I owe that relatively astounding & ultimately life-saving drop of elbees to my sister, who was diagnosed with anorexia in spring of that year. In fairness, the fam knew something was not right, but in our little town, eating disorders were not widely discussed. She was down to 68 lbs (even at 4’10” that’s not a sustainable weight) and had started growing fur all over as her body’s survival instincts to keep warm started to kick in. It took her collapsing in shock at the bus stop one morning at school & a concerned school nurse to get her to the right medical professionals & to be diagnosed.

Not that I find her disease to have been a good thing just because it led to my transformative summer. In no way was her challenge a healthy one. It was a cloud, a pall of frustration & embarrassment & worry over our heads for years later. But if you can’t grow by going through that type of thing, then you’re doing it wrong (along with a lot of other things, probably).

For all the agony that summer and the years leading up to it contained, it was the turning point in our knowledge about food. Nutrition Facts had only recently become de rigeur, and at 235lbs I obviously couldn’t stop eating boxes of Wild Berry Pop Tarts long enough to examine that panel, let alone translate the numbers into anything useful… and useful was loosely defined as delicious for me at that time. And the parents? Forget it. Food was food, and the faster and cheaper and easier it was to feed us, the better. Aside from the occasional seasonal tomato (for 5 Minute BLTs on white Wonder bread slathered with mayo, of course), the main color of our fridge’s interior was soda-caramel-brown; we used the “Crisper” drawer to hold a case of soda, and I just thought that was the model name of our fridge, like a car. Our pantry was a New Mexican sunset of clay reds & mustard yellows & unnatural purples, Betty Crocker scalloped potato AND brownie mixes, Hamburger Helper, Tuna Helper, Little Debbie, Hostess, Lays, KoolAid… Basically we bought food that had someone else’s name or charismatic cartoon character on it. There wasn’t a whole grain or unrefined flour to be found. Scratch was not a type of cooking, it was only something you did to your ass or balls when it was hot out.

I was addicted to eating that way. Did it for 14 years. And we honestly didn’t know any other way to do it. (I certainly didn’t, and if the parental units did, they chose the path we were on in spite of it.) So the addiction (which maybe now I could downgrade to an extreme affinity) to that sort of food, whether it’s mental or chemical, is still there.

That spring my sister spent two months in the hospital, learning the skills she (okay, we) needed to eat enough of the right kinds of foods. For better or worse, we learned later that her main concern with food was about control: she refused to be told by Mom or Dad that she had to eat, what to eat, when to eat; so in order for us to know that she was getting the right nutrition, we ALL had to learn what the right nutrition was.

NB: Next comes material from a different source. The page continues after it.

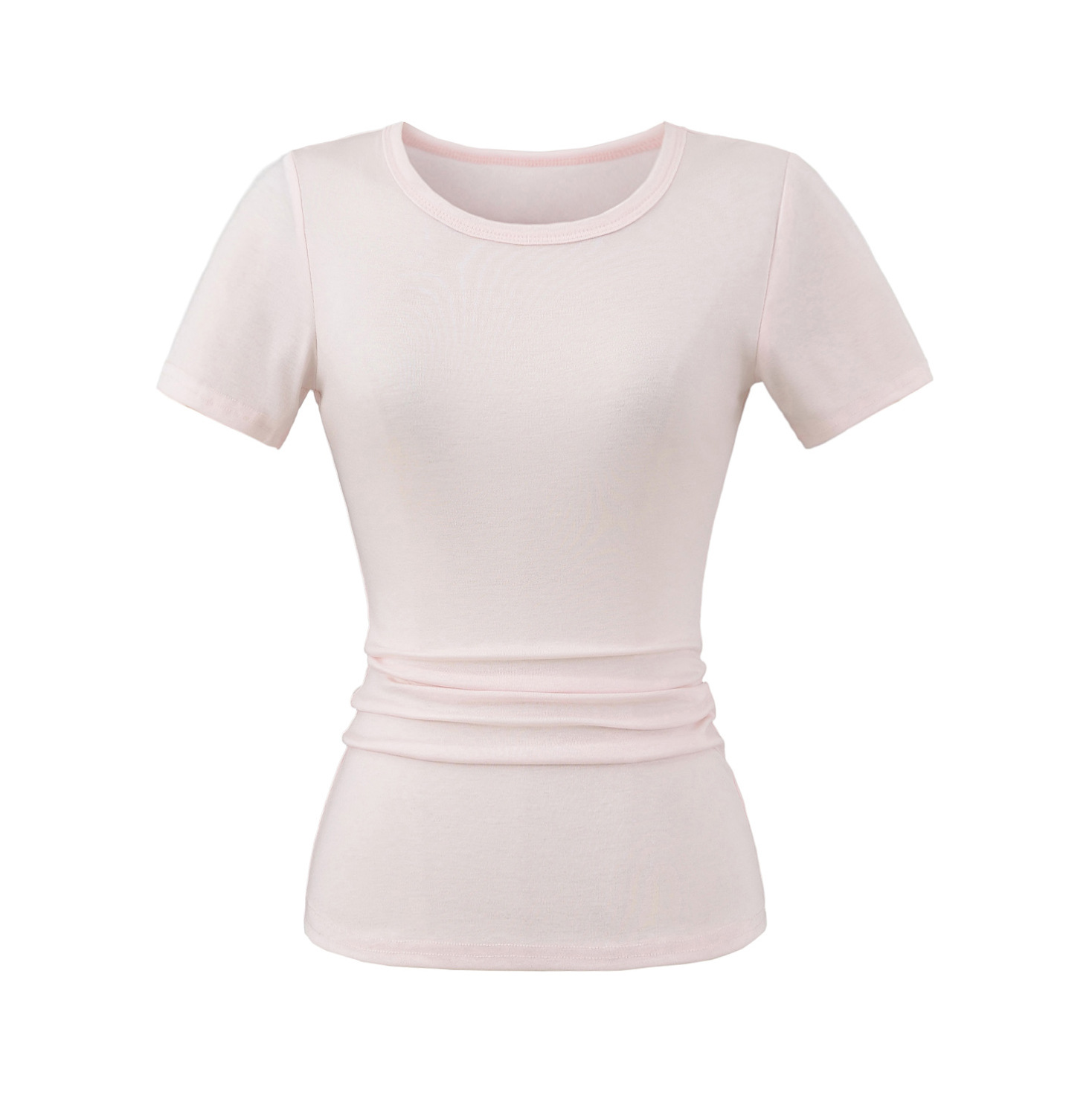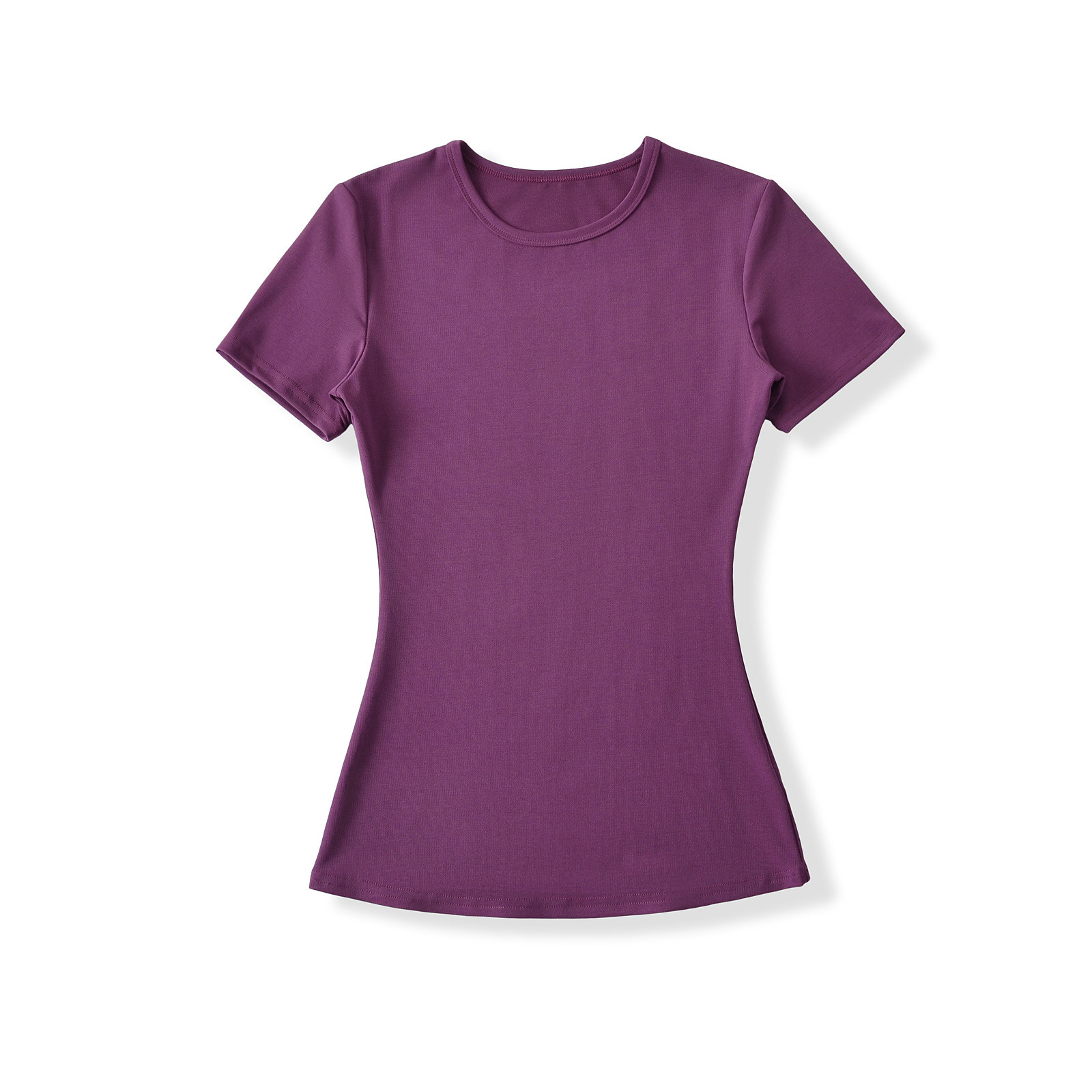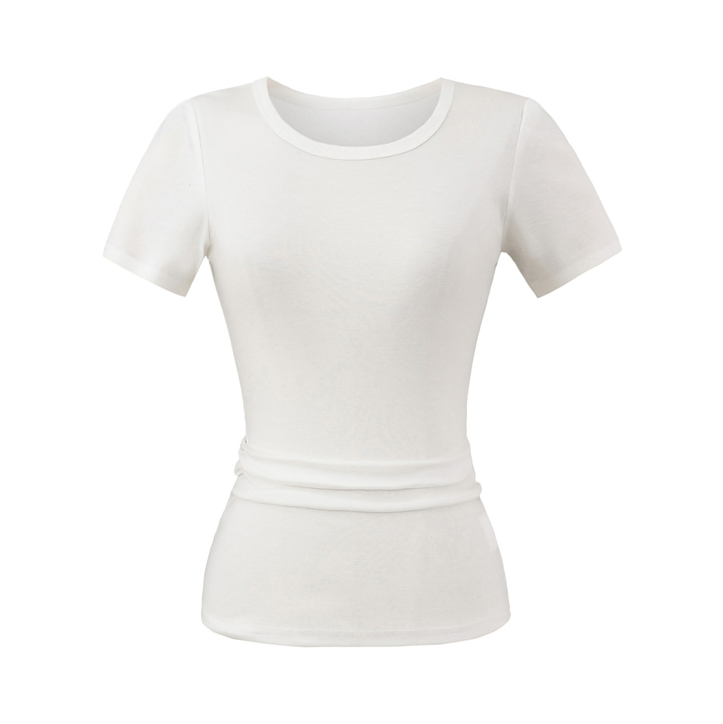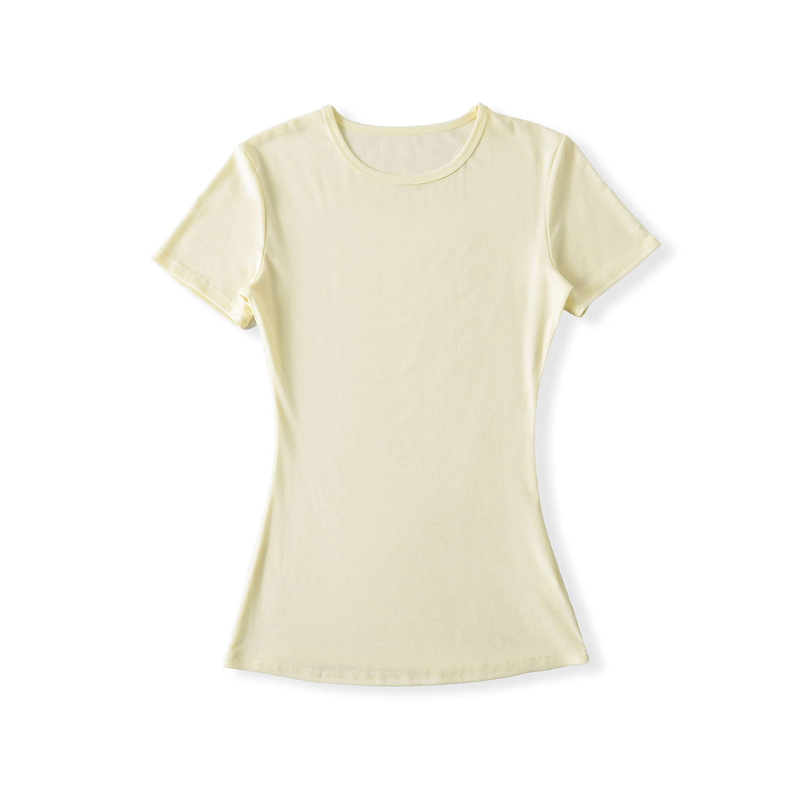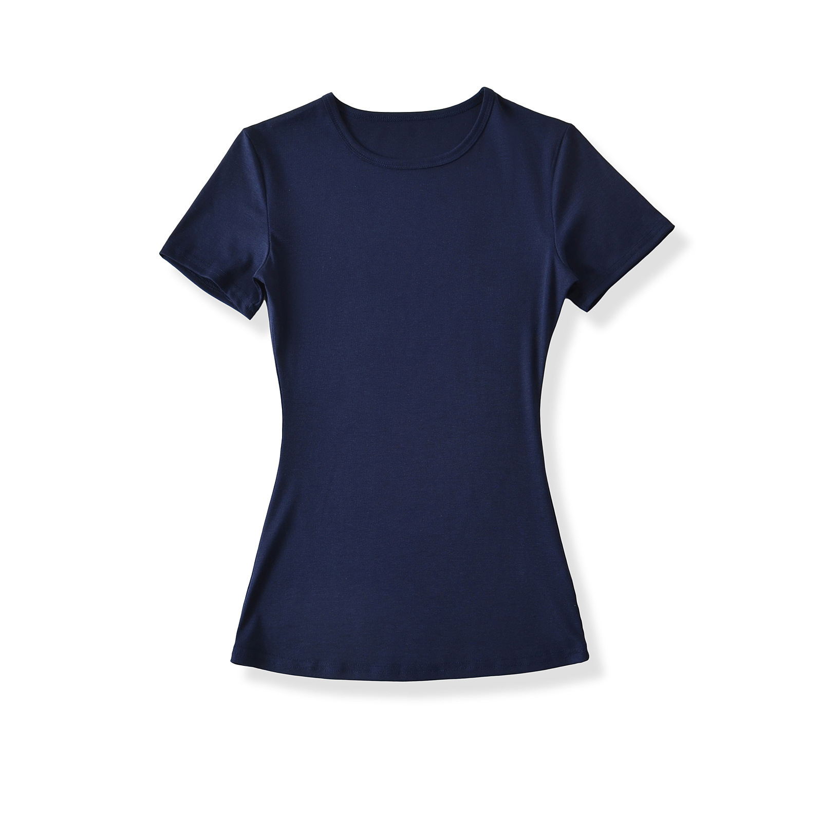 Tencel 속건성 소프트 V 넥 반팔 티셔츠 카세트 타이트 스트레치 슬리밍 라운드 넥 탑 여성 여름 유럽과 미국 배치

In my mental movie of this life, the transition happened so fast that I barely even remember it, but it seems that almost overnight, the soda was replaced by cans of Ensure or Boost or Slimfast (the band aid solution to being able to count calories and track nutrient mix for her until we all got up to speed on just how shittily we were doing as eaters). Then the 2% milk became skim milk, and was even (briefly) replaced by soy milk. (This was still mid-90s in rural Pennsylvania though, so it was long before there was “milk from beans” that didn’t actually taste ironically like a cow’s asshole; hence the brevity of its appearance.) Then, in what seemed a remarkable shift in the palette of our kitchen’s canvas, there was color… naturally-occurring, found-on-trees-or-leaves, non-Looney Tunes-related colors. Salad. Fruit. Wheat bread. Vegetables that DIDN’T come out of a box. It was like living 100% Warhol for 13 years and then discovering, oh, I don’t know, EVERY OTHER ARTIST THAT EVER LIVED.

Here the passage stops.